(Input data Opens)
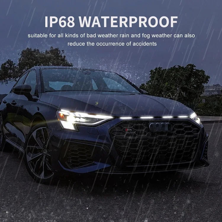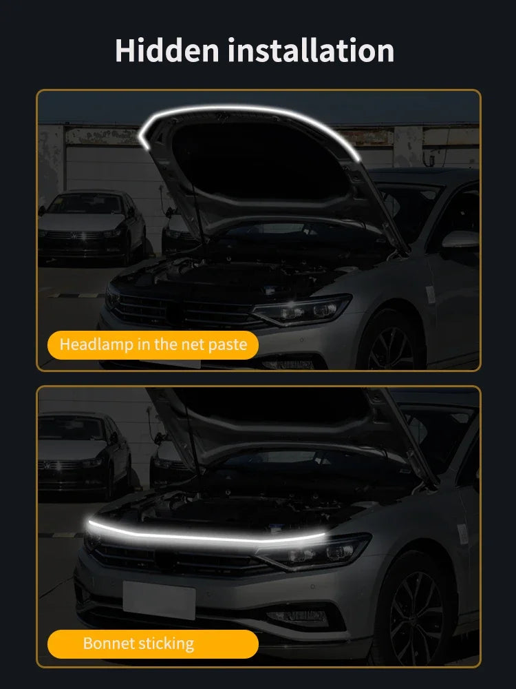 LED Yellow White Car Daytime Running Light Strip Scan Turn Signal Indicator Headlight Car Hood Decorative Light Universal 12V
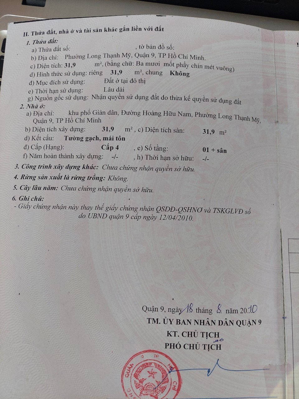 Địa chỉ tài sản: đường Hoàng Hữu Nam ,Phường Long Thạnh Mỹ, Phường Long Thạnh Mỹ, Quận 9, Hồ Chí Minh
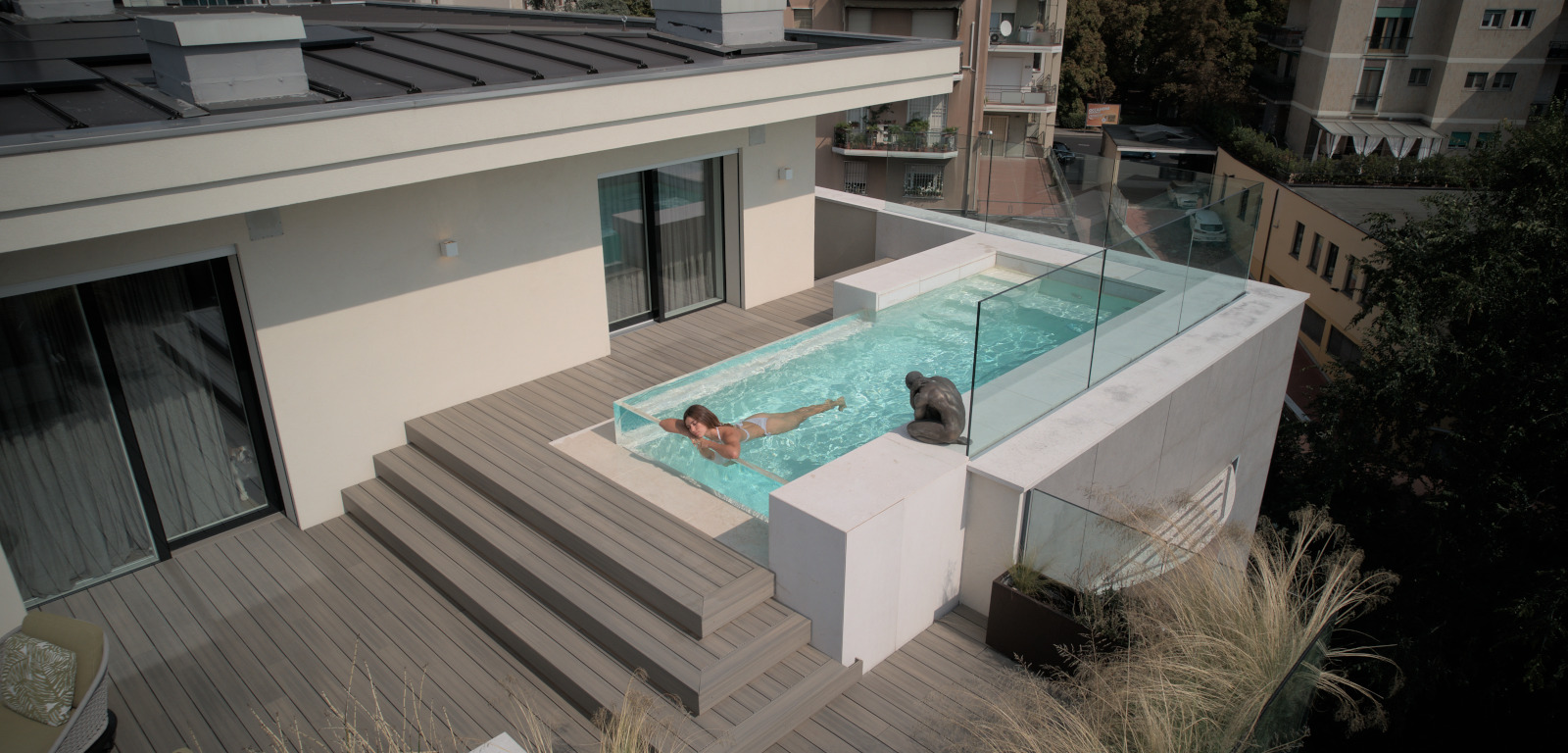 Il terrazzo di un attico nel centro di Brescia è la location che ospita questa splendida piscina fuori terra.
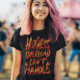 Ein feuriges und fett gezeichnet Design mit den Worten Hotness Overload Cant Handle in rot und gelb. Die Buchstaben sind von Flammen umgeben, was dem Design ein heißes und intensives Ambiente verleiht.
(Input data Closes)
▶ _Work to be completed_
From the line containing "Il terrazzo di" down to the last line of the data above, transcribe exactly those lines and no others; omit the pictures.

▶ _Exercise solution_
 Il terrazzo di un attico nel centro di Brescia è la location che ospita questa splendida piscina fuori terra.
 Ein feuriges und fett gezeichnet Design mit den Worten Hotness Overload Cant Handle in rot und gelb. Die Buchstaben sind von Flammen umgeben, was dem Design ein heißes und intensives Ambiente verleiht.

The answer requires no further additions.